• DIRECTIONS FOR THIS TASK:
The lines to repeat are those below from the one containing "広い場所も楽に届く、頼れるサイズのたっぷりとしたボリューム羊毛ダスター" down to the one containing "4i 概念股是指与 Vista、Wii、iPhone", both included; reproduce them exactly and nothing else.

• AVAILABLE RECORDS:
┏━━
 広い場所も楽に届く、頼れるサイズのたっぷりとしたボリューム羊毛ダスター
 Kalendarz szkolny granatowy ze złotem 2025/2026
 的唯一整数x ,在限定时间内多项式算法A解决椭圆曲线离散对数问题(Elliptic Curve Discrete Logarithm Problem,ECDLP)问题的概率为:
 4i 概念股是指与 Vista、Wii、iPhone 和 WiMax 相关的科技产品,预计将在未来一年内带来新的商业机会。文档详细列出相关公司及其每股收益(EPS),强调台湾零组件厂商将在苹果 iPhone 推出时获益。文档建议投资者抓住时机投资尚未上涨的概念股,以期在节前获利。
┗━━
┏━━
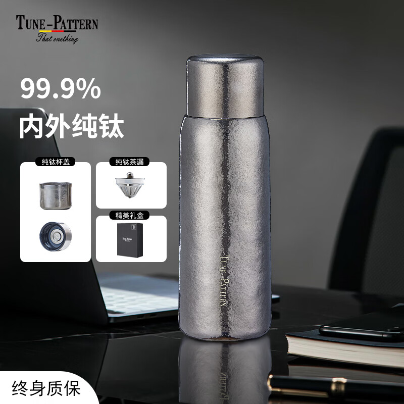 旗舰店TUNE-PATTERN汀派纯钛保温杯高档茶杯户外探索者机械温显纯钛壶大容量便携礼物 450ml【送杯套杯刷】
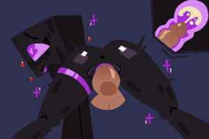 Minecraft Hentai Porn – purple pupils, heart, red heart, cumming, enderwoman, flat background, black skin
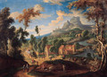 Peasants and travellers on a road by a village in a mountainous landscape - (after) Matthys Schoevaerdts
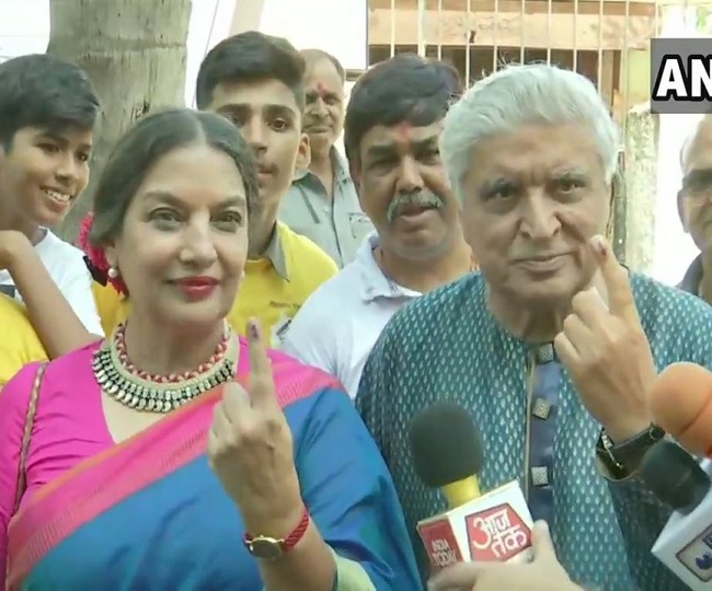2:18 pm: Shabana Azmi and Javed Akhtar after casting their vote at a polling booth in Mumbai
┗━━
• RESPONSE BELOW:
 広い場所も楽に届く、頼れるサイズのたっぷりとしたボリューム羊毛ダスター
 Kalendarz szkolny granatowy ze złotem 2025/2026
 的唯一整数x ,在限定时间内多项式算法A解决椭圆曲线离散对数问题(Elliptic Curve Discrete Logarithm Problem,ECDLP)问题的概率为:
 4i 概念股是指与 Vista、Wii、iPhone 和 WiMax 相关的科技产品,预计将在未来一年内带来新的商业机会。文档详细列出相关公司及其每股收益(EPS),强调台湾零组件厂商将在苹果 iPhone 推出时获益。文档建议投资者抓住时机投资尚未上涨的概念股,以期在节前获利。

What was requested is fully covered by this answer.